As an oral maxillofacial surgeon and president of Implants Northwest LIVE Learning Center, Dr. Daniel Cullum focuses on immediate and minimally invasive techniques in esthetic implant reconstruction. Here, he talks about his experiences using NobelActive and discusses the results of a clinical retrospective study he co-authored regarding this implant.

Dr. Cullum, when did you first become interested in dental implants?

When I was at the University of Alberta, the inventor of dental implants, Professor Brånemark, came to visit Toronto and Edmonton. I was in the oral surgery clinic rotation when they came to place the first implants in Edmonton, and this was my first exposure to implants. Meeting Professor Brånemark and seeing all they were doing was truly inspiring. I then began using the Brånemark System in the mid-1980s.

How did you first start using NobelActive?
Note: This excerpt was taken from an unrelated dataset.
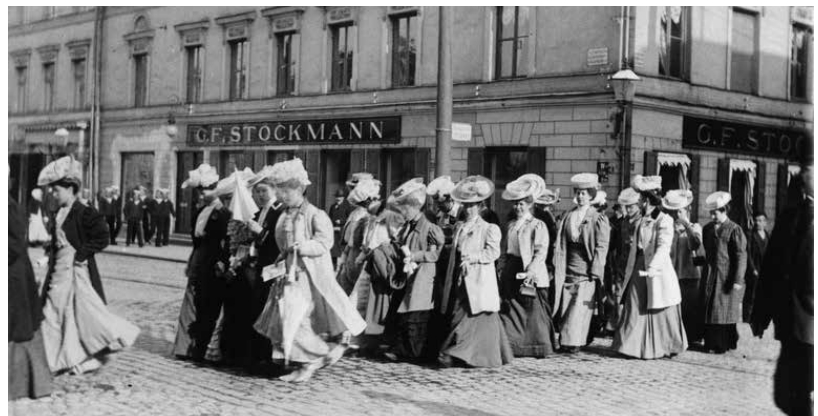
Naisten mielenosoitusmarssi mahdollisesti äänioikeuden puolesta 1905.

Porvarissäätö edusti vuoteen 1879 asti kaupunkien veroa maksavia porvareita ja muita privilegioituja ammatinharjoittajia. Vanhan ammattikuntajärjestelmän lakkauttamisen jälkeen porvarissäädyn vaaliin saivat osallistua – eräin poikkeuksin – kaikki kaupunkien muihin säätyihin kuulumattomat miespuoliset veroa maksavat asukkaat. Äänioikeuden sidonnaisuus veroäyrihin vaikutti kunnallisvaalien tapaan myös porvarissäädyn edustajien vaalissa.

I had already started immediate placement and provisional restoration in the early 1990s. The system I was using had a number of good components and aspects, but didn’t cover a lot of things. When I first saw the NobelActive design on the pre-release poster, I saw straight away that the new macro-geometry simply made sense. The severe taper and aggressive threads really meant that you could achieve primary stability for immediate placement, increasing the chances you’d be able to do a provisional restoration.

After doing some training with NobelActive prior to its release, I was pretty sold on what it could do – the design of the implant gave me a lot of confidence – and so I started using it in early 2008.
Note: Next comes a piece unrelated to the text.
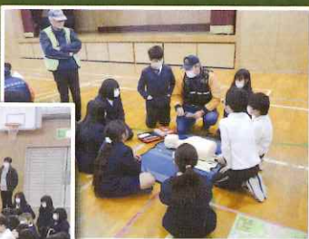
6年生 災害時の活動等の講話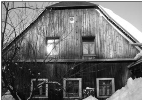
Tento pohled je již minulostí

ji chtějí prohlubovat, aby i ostatní mohli pít. Nebo ve smyslu exupéryovského Malého prince vzít děti za ruku a vést pomalu ke studánce.

Did it take you very long to get comfortable using NobelActive?

I initially felt very confident using it – maybe even overconfident – because I could change the angle, change the position and achieve great primary stability. For clinicians who feel really confident to start using NobelActive, it is still really important to get the training first.

Once you’ve learnt the technique, NobelActive works excellently and lets the clinician do things you can’t do with other fixtures. There was no other implant design on the market that even let you approach the variety of positioning, while still maintaining primary stability, that NobelActive does. This primary stability is further enhanced by the thread design, which allows for a lot of flexibility in the osteotomy diameter. That’s what gives you confidence to use it for your patients.
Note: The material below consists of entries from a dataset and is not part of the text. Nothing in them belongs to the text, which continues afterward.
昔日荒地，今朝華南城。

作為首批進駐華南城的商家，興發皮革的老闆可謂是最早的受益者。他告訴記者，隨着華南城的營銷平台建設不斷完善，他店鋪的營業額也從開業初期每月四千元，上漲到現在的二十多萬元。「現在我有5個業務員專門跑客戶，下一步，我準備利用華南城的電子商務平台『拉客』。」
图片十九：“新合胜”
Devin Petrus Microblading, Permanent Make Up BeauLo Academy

You recently led a retrospective clinical study into the long-term treatment outcomes. What motivated you to look back on your 11 years of experience with NobelActive?

We all have things in life that we enjoy and think are great, but sometimes you think: Is my assessment accurate? Is this just a perception? Am I being objective?

For me, this retrospective study was a great chance to properly examine the data I have regarding NobelActive’s long-term survival, and to join this to data from other clinicians to really find out how well it really performed across different approaches, philosophies and skill sets.

Retrospective clinical study into the long-term treatment outcomes

*For implants with >1 year follow-up

Were you surprised at how good the results were?

Yes, somewhat. It’s important to remember that when NobelActive was introduced, it was a completely new and unique implant system and so it brought a real learning curve. You couldn’t manage it like a traditional implant system – even another immediate tapered system I had used relied on a mechanical drill for machined tightness, and it became a completely sensation when I switched to NobelActive and began using a hand driver for implant positioning in the esthetic zone. So I expected good results but was still pleasantly surprised, particularly by the stability that can be achieved in sites with poor bone quality.

In the study, 44% of the implants were placed in acceptable to poor oral hygiene conditions, and the survival rate for these implants was 96.8%. What do you make of these results?

In the real world, many patients aren’t excellent with their oral hygiene, and so it’s really important to see that in cases of suboptimal hygiene, this factor hasn’t seemed to affect the outcome of this minimally invasive and flapless approach to implant surgery.

I think NobelActive has delivered excellent function in a variety of situations. I’ve used it in soft bone, dense bone, and I haven’t seen any significant issues in terms of bone loss or pressure necrosis.

How does NobelActive help the relationship you build with patients?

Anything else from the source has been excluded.